What do we know about that kind of metabolism from similar microbes living in oxygen free places?
"Acetate was metabolized primarily to methane in the sediments and water immediately above the sediment. Sulfide inhibition studies and temperature activity profiles demonstrated that acetate metabolism was performed by several microbial populations. Sulfide additions (less than 5 μg/ml) to water from 21.5 m stimulated methanogenesis from acetate, but inhibited CO2 production."M. R. Winfrey and J. G. Zeikus "Microbial Methanogenesis and Acetate Metabolism in a Meromictic Lake" Appl Environ Microbiol. 1979 February; 37(2): 213–221.
And there are sulfides in ice cores that could inhibit CO2 formation
"The average COS mixing ratio of the SPRESSO data set is (331±18) ppt (parts per trillion in mol/mol, ±1[sigma], n=100), excluding 6 outliers. These data confirm earlier firn air and ice core measurements indicating that the late 20th century COS levels of 500 ppt are greatly increased over preindustrial levels and represent the highest atmospheric levels over the past 2000 years. The data also provide evidence of climate-related variability on centennial time-scales, with relative maxima at the peaks of Medieval Climate Anomaly and Little Ice Age. There is evidence
for a long-term increasing trend in COS of 1.8 ppt per 100 years. Further ice core studies will be needed to determine whether this trend reflects secular variability in atmospheric COS, or a slow post-depositional chemical loss of COS in the ice core." M. Aydin et al, " Carbonyl sulfide in air extracted from a South Pole ice core: a 2000 year record" Atmos. Chem. Phys., 8, 7533–7542, 2008
The fact that the sulfide increases with time may be indicative that microbes are using it up which would mess up the air chemistry derived from ice cores.

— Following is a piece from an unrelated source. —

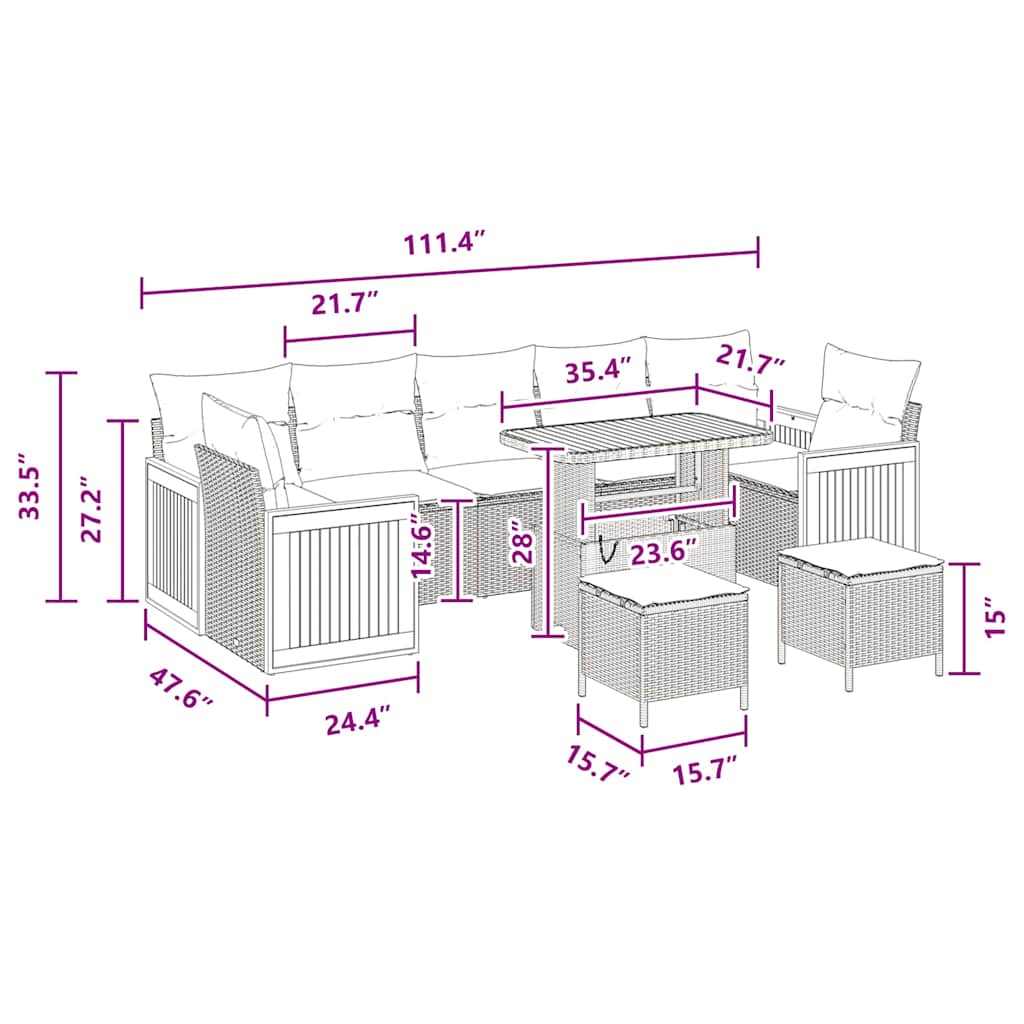 VIDAXL Vrtna sedežna garnitura 10 pcs Črna 90 x 55 x 71 cm poli ratan

All of these issues are poorly understood yet the IPCC chooses to ignore the historical measurments of CO2 in the atmosphere in favor of what might be more of a chemical brew below in the ice cores than they want to beleive.
And if this is the case, then Beck's measurements may be the better of the two, meaning that the atmospheric levels of CO2 may have been as high as 450 ppm within the past 200 years and all the scare-mongering may not be anything but, well, scare-mongering for political purposes.
I think it is time for the climate scare mongers to explain why they rely solely on ice core CO2 when there is clearly the possibility that UV radiation melted small pools allowing the algae to reduce the ice core CO2. Again, at the top of this post is the chart of the historic atmospheric measurements of CO2 put together by Beck and ignored by the IPCC.